Botmartz Logo
BOTMARTZ
AI Research
Weekly
LangChain
7 min read

LangChain Architecture Overview: Chains, Runnables, LCEL, and the New vs Old API

LangChain's architecture changed fundamentally with v0.1. Learn chains, runnables, and LCEL so you build on the current API — not the deprecated one.

Topics
  • LangChain
  • LLM
  • Python
  • LCEL
  • Runnables
LangChain Architecture Overview: Chains, Runnables, LCEL, and the New vs Old API
LangChain

7 min

read time

1

likes

Most LangChain tutorials on the internet are outdated. They teach LLMChain, SequentialChain, and ConversationChain — classes that still exist but are officially deprecated in favor of a completely different paradigm called LangChain Expression Language (LCEL). If you're building something that will run in production next year, you need to understand the current architecture. This post gives you that foundation.

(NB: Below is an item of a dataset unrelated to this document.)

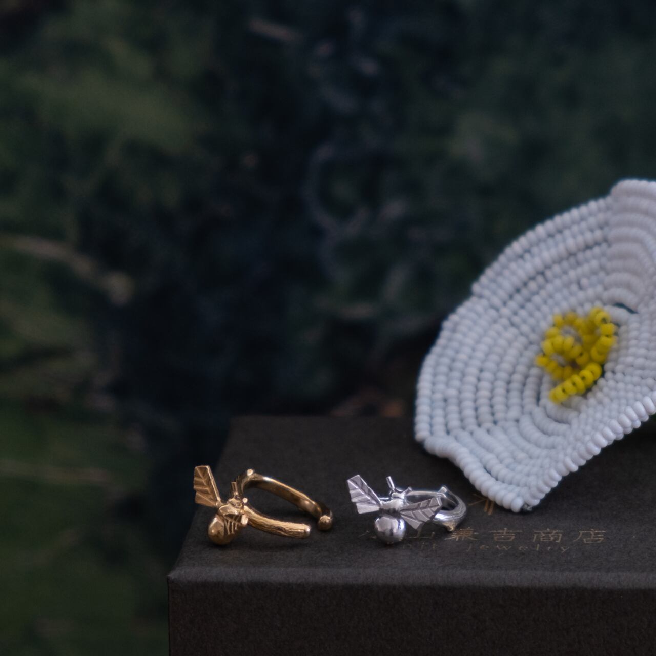 size:たて約8mm x よこ約12mm(蜂部分)/内径1cm、外径1.3cm(土台部分)
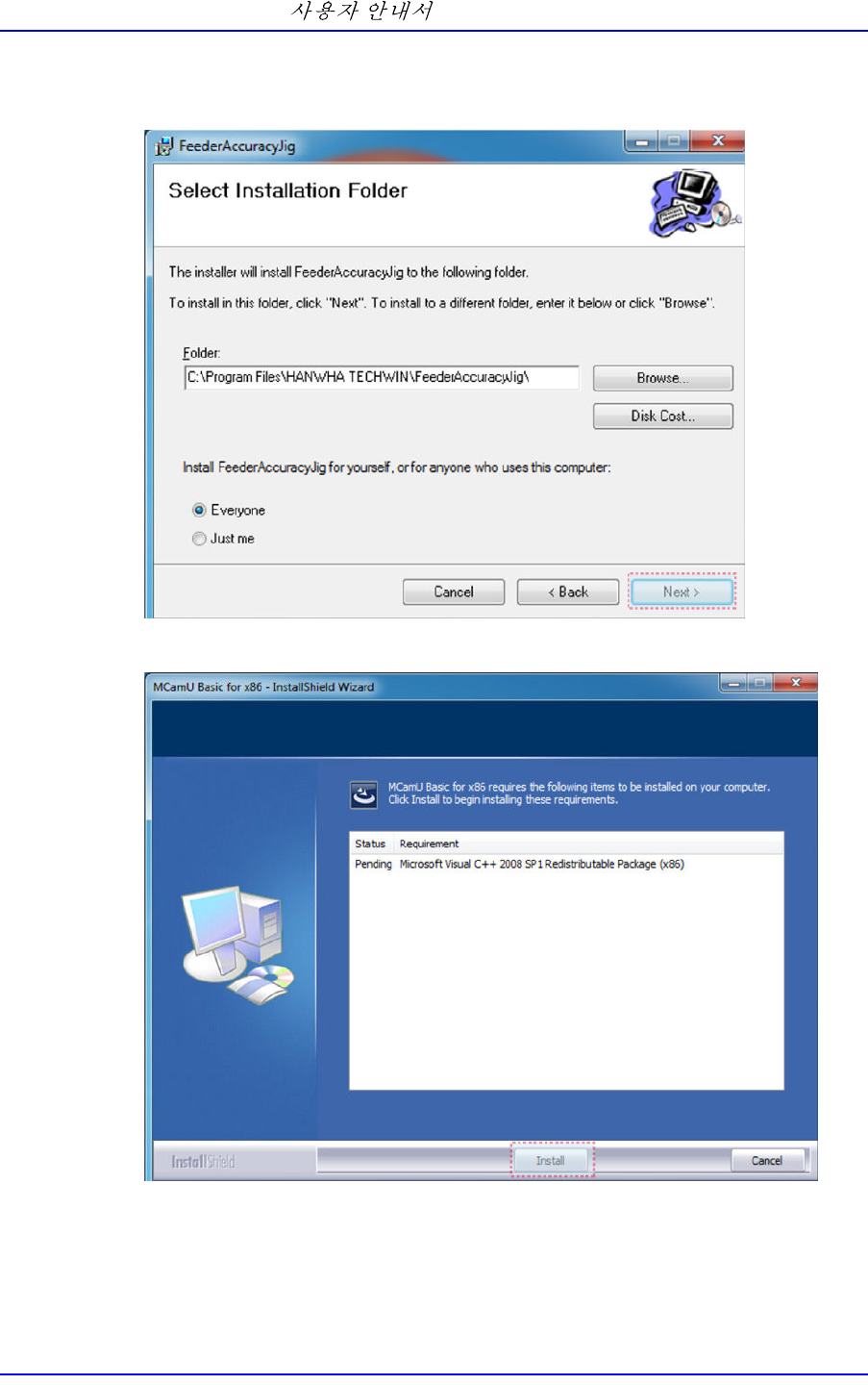 4-2 SME Tape Feeder Calibra tion Jig 2. 아래의 그림과 같이 < Install> 버튼이 나올때 까지 <Next> 버튼을 계속 클릭하십 시오 . 3. <Install> 버튼을 클릭하십시오 .

The Architecture Shift: Why LCEL Replaced Chains

The old LangChain (pre-0.1) used Python class inheritance to compose operations. You'd subclass Chain, override _call, and wire together LLMChain, TransformChain, and SequentialChain. This worked but had serious problems:

  • No native streaming — you had to bolt it on per-chain

  • Hard to introspect — intermediate outputs were buried in chain.run() return values

  • Difficult to parallelize — no built-in map/reduce

  • LangSmith tracing was fragile — not all chains produced clean run trees

LCEL solves all of these with a single abstraction: the Runnable interface.

The Runnable Interface

Every component in modern LangChain implements the Runnable protocol. A Runnable has three core methods:

Method

What it does

.invoke(input)

Single synchronous call

.stream(input)

Returns a generator of output chunks

.batch(inputs)

Processes a list of inputs, potentially in parallel

Async variants (.ainvoke, .astream, .abatch) are available for every Runnable.

Because everything is a Runnable — prompts, models, parsers, retrievers — they all compose the same way. That's the core insight.

from langchain_openai import ChatOpenAI
from langchain_core.prompts import ChatPromptTemplate
from langchain_core.output_parsers import StrOutputParser

# Each of these is a Runnable
prompt = ChatPromptTemplate.from_template("Explain {concept} in one sentence.")
model = ChatOpenAI(model="gpt-4o-mini", temperature=0)
parser = StrOutputParser()

# The pipe operator | composes Runnables left-to-right
chain = prompt | model | parser

result = chain.invoke({"concept": "attention mechanism"})
print(result)

Output:

The attention mechanism allows a model to weigh the importance of different input tokens when generating each output token, enabling it to focus on relevant parts of the input sequence.

The | operator is syntactic sugar for RunnableSequence. prompt | model | parser creates a pipeline where the output of each step becomes the input of the next.

LangChain LCEL pipeline diagram

Understanding LCEL: LangChain Expression Language

LCEL is not a separate language — it's a set of Python operators and classes for composing Runnables. The | pipe, RunnableParallel, RunnablePassthrough, and RunnableLambda are the building blocks.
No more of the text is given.